Humanitarian visa announcement

The Australian Immigration Minister Alex Hawke announced on Friday 21st January that the Morrison Government will provide at least 15,000 places, through the Humanitarian and Family Stream program for Afghan nationals. Priority will be given to those who worked for the Australian Defence Force or Foreign Affairs and to vulnerable minority group, including women and children. ‘This reflects our sustained commitment to Afghanistan following Australia’s two decades of operations in the country’. Read the full statement here.

The response from refugee advocates has been swift, pointing out that people had been calling for this in September last year, without action from the Government. ‘People wrote, forums were held, stories shared of people being tortured and killed. People in the know asked for 20,000 ADDITIONAL places back then’. And, these 15,000 are from our existing intake of humanitarian visas, not additional. The announcement is 15,000 places over 4 years, from an existing allocation. Not one new refugee place has been allocated to the program. 5,000 places are simply family visas in the existing program.

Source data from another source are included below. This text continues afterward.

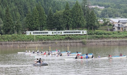 県立津川漕艇場で開かれた「第26回阿賀野川レガッタ」に知人が参加するという。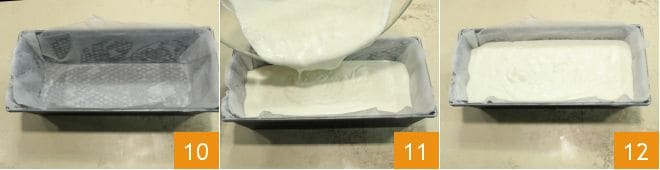 Beurrez un moule ou un plat à bord haut, celui du cake est parfait pour cette préparation, tapissez les bords et le fond avec du papier sulfurisé 10 et versez à l'intérieur la glace à la vanille 11. Placez le mélange au congélateur pour qu'il durcisse pendant 6-8 heures 12.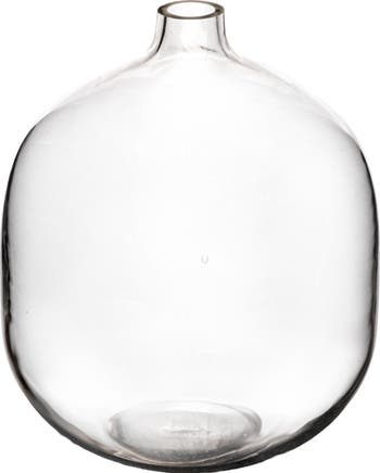 - This vase is a simple and elegant piece of glassware that features a round shape and a narrow lip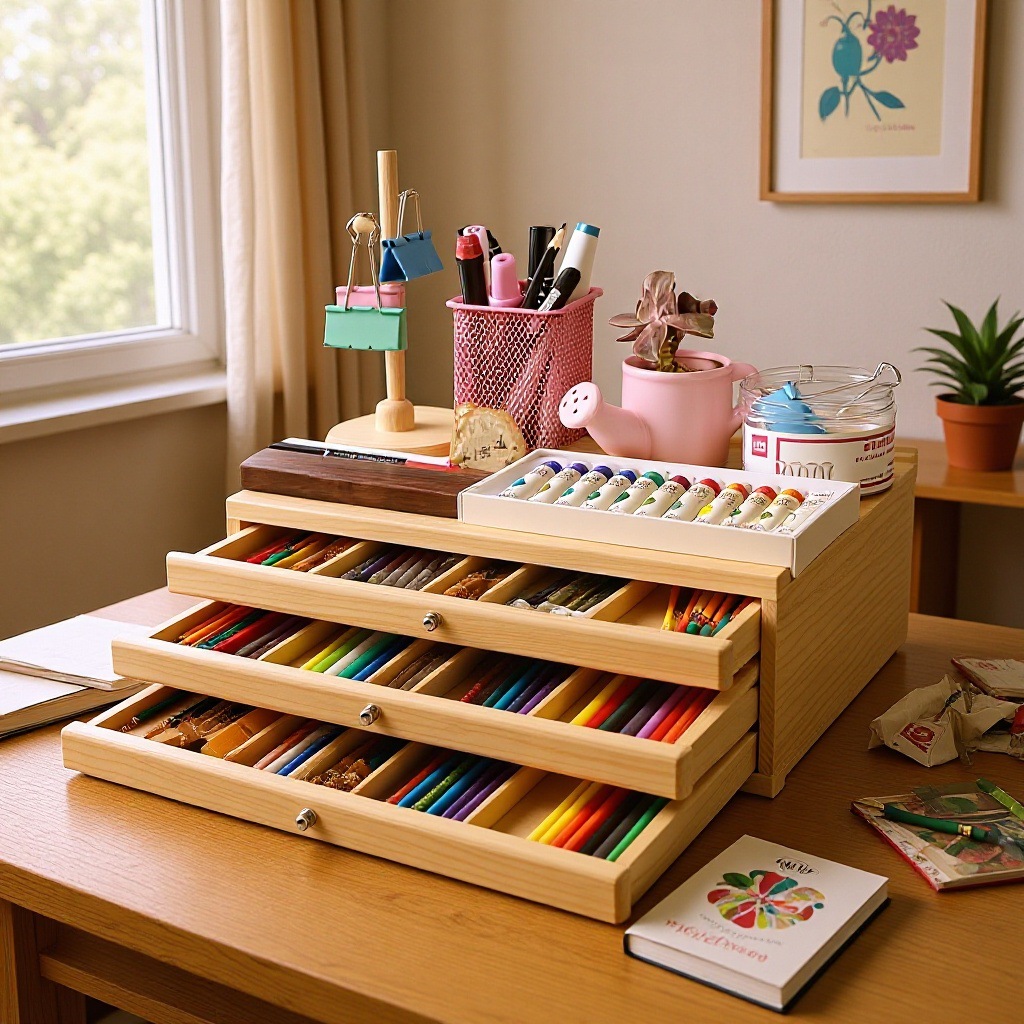 驰远抽屉画箱自然原木色多层马克笔储物箱多功能桌面彩铅笔收纳箱

15,000 visas for Afghans and 150,000 applications. One migration agent working to support a number of Afghans noted that no reference numbers have been received thus far for applications lodged including some very high profile cases in immediate danger. NONE of the 3,000 visas currently submitted have been processed.

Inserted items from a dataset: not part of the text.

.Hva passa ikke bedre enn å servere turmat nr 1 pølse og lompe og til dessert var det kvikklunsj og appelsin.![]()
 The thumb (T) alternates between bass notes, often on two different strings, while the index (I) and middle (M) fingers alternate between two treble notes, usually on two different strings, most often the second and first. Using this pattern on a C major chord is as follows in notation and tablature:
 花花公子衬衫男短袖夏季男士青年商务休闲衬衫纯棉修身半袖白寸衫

Julian Hill MP says ‘Afghan-Australians have been waiting for years as the government has actively discriminated against them, failing to process their family visas. These people have never met their own children, or missed their children growing up. The Taliban are hunting people down right now. The government’s announcement on Afghanistan is insulting and offensive to Afghan Australians who have been here since 1860, to Afghans who risked their lives for our country who’ve been abandoned, and for Aussie veterans’.

We are in an election year for the Federal Government, so all announcements need to be analysed for truth, purpose and motive. This announcement by Alex Hawke needs that kind of scrutiny.

Article by Lisa Visentin in Sydney Morning Herald on 22 January 2022
Afghan human rights advocates have condemned the federal government’s “insulting” pledge to resettle 15,000 refugees from the war-ravaged country through Australia’s existing humanitarian channels over four years, as they renewed calls for a special intake similar to that made to Syrian refugees in 2015. Immigration Minister Alex Hawke announced the commitment on Friday hours after a Senate committee delivered a report scathing of the government’s failure to evacuate many interpreters and other locals who helped the Australian Defence Force before Kabul fell to the Taliban last year.
Barat Ali Batoor, a photographer who fled Afghanistan in 2012 and now lives in Victoria as an organiser at the Asylum Seeker Resource Centre, said the announcement was “insulting and disappointing” and was an attempt to distract from the Senate inquiry’s findings. “Those who have helped us have been left to the mercy of the Taliban and many of them are facing heavy consequences for their support to the Australian troops.”
Arif Hussein, an Afghan-Australian and lawyer at the Refugee Advice and Casework Service, said the Australian government was failing its moral obligation to support the Afghan people. “This announcement doesn’t even begin to recognise the relationship that we had to the war – we spent 20 years there, lives were lost there – the promises we made to the Afghan people and the escalating humanitarian crisis that the people of Afghanistan face right now. It does not include additional humanitarian places for those fleeing the Taliban. In previous crises that the Australian government has reacted to – for example, the Syrian crisis – we have provided additional humanitarian places.” He said the allocation of 15,000 places over four years paled in comparison to the 145,000 Afghan nationals the Department of Home Affairs said were seeking resettlement through the Humanitarian program.